The Battle of Balaclava, fought on 25 October 1854 during the Crimean War, was part of the Siege of Sevastopol (1854–55), an Allied attempt to capture the port and fortress of Sevastopol, Russia's principal naval base on the Black Sea. The engagement followed the earlier Allied victory in September at the Battle of the Alma, where the Russian General Menshikov had positioned his army in an attempt to stop the Allies progressing south towards their strategic goal.[3] Alma was the first major encounter fought in the Crimean Peninsula since the Allied landings at Kalamita Bay on 14 September, and was a clear battlefield success; but a tardy pursuit by the Allies failed to gain a decisive victory, allowing the Russians to regroup, recover and prepare their defence.

The Russians split their forces. Defending within the allied siege lines was primarily the Navy manning the considerable static defenses of the city and threatening the allies from without was the mobile Army under General Menshikov.

The Allies decided against a slow assault on Sevastopol and instead prepared for a protracted siege. The British, under the command of Lord Raglan, and the French, under Canrobert, positioned their troops to the south of the port on the Chersonese Peninsula: the French Army occupied the bay of Kamiesch on the west coast whilst the British moved to the southern port of Balaclava. However, this position committed the British to the defence of the right flank of the Allied siege operations, for which Raglan had insufficient troops. Taking advantage of this exposure, the Russian General Liprandi, with some 25,000 men, prepared to attack the defences around Balaclava, hoping to disrupt the supply chain between the British base and their siege lines.

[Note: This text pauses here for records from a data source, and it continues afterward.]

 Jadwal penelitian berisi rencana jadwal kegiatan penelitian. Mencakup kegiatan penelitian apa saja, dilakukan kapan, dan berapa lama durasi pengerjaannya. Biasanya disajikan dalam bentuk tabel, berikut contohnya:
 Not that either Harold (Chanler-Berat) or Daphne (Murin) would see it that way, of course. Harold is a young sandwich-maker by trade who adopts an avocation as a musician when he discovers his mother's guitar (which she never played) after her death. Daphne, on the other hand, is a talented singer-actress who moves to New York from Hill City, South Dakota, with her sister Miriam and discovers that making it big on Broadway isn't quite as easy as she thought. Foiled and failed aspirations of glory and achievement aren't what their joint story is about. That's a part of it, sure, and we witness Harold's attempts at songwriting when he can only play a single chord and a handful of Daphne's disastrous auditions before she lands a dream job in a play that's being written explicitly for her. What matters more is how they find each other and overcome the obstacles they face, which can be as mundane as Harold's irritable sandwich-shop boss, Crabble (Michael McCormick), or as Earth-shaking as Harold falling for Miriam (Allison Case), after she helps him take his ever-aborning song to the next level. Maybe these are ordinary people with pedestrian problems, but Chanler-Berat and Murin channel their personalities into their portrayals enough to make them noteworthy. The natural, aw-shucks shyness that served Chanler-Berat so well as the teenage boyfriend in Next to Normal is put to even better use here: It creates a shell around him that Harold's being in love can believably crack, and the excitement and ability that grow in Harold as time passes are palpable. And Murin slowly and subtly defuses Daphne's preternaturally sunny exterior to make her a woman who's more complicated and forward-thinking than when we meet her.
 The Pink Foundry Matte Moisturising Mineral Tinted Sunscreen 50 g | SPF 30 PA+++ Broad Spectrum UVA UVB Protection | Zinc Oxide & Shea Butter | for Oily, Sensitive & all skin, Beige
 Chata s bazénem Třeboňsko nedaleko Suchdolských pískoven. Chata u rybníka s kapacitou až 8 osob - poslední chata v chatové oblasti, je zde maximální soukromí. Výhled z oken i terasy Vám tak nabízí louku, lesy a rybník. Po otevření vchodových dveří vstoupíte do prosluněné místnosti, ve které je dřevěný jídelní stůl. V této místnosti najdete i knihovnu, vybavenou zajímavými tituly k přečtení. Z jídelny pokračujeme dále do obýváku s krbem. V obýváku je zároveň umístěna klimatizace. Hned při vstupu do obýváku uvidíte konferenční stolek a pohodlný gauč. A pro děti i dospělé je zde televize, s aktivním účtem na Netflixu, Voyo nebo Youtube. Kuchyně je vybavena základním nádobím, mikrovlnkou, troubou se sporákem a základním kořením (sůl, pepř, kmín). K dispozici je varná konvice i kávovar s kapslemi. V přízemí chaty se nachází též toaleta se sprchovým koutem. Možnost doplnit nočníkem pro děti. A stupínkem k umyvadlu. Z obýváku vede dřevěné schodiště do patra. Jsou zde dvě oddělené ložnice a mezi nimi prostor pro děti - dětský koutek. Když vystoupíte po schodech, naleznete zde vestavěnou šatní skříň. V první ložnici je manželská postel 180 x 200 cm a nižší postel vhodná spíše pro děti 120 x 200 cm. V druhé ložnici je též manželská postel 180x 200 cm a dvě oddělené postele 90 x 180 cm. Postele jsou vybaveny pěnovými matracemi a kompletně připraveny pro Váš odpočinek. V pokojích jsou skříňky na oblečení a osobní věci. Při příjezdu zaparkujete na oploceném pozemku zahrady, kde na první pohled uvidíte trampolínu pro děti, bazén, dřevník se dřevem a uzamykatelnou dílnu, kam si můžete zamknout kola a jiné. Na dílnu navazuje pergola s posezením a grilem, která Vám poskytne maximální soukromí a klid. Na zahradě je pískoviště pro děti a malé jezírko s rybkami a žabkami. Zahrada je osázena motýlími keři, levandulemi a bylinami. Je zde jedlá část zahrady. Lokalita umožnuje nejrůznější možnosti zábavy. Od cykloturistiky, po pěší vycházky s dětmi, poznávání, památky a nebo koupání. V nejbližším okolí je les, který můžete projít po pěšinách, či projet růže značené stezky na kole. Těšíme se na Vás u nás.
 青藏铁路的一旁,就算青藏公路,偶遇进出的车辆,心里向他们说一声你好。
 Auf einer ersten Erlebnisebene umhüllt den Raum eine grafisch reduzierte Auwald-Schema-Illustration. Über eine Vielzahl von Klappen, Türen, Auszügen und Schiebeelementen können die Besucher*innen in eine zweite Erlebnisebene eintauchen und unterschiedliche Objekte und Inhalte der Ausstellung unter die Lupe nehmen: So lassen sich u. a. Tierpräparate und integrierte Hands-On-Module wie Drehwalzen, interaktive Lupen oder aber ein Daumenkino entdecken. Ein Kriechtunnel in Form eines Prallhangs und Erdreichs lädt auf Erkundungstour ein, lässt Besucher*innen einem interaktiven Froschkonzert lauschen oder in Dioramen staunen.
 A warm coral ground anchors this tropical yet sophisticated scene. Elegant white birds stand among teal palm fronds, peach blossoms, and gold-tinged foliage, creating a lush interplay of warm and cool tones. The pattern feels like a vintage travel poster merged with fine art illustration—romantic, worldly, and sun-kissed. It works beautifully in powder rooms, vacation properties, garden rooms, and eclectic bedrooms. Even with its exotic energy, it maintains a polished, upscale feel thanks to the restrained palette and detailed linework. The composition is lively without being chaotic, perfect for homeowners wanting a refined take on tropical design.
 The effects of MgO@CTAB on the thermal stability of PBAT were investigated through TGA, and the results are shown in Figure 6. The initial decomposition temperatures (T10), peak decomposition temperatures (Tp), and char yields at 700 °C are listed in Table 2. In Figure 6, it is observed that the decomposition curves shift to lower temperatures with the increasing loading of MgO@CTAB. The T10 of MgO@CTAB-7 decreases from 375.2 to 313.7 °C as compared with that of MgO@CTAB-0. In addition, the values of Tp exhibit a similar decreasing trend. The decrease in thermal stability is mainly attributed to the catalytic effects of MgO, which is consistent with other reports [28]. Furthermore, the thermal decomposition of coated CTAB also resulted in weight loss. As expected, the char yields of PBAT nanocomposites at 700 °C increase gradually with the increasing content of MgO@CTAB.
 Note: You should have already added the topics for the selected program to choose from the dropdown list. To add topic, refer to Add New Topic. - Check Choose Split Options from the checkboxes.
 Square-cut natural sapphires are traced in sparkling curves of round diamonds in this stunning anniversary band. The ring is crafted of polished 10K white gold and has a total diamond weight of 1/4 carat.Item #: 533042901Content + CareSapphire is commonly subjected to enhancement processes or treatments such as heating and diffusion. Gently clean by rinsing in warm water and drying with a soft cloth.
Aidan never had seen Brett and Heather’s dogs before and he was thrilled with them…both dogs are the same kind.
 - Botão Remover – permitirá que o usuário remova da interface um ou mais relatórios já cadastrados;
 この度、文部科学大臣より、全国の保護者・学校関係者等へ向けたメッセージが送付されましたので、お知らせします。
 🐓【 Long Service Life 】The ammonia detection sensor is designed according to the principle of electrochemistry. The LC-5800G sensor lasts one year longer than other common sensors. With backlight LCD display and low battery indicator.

The battle began with a Russian artillery and infantry attack on the Ottoman redoubts that formed Balaclava's first line of defence on the Vorontsov Heights. The Ottoman forces initially resisted the Russian assaults, but lacking support they were eventually forced to retreat. When the redoubts fell, the Russian cavalry moved to engage the second defensive line in the South Valley, held by the Ottoman and the British 93rd Highland Regiment in what came to be known as the "Thin Red Line". This line held and repelled the attack; as did General James Scarlett's British Heavy Brigade which charged and defeated the greater proportion of the cavalry advance, forcing the Russians onto the defensive. However, a final Allied cavalry charge, stemming from a misinterpreted order from Raglan, led to one of the most famous and ill-fated events in British military history – the Charge of the Light Brigade.

  1. ^ Fletcher & Ishchenko: The Crimean War: A Clash of Empires, 159–160
  2. ^ a b Kinglake: The Invasion of the Crimea, V, p. 350. These figures are taken from Kinglake. Sources vary slightly as to the number killed, wounded, or taken prisoner.
  3. ^ Frederick Engels, "The News from Crimea" contained in the Collected Works of Karl Marx and Frederick Engels: Volume 13, p. 478.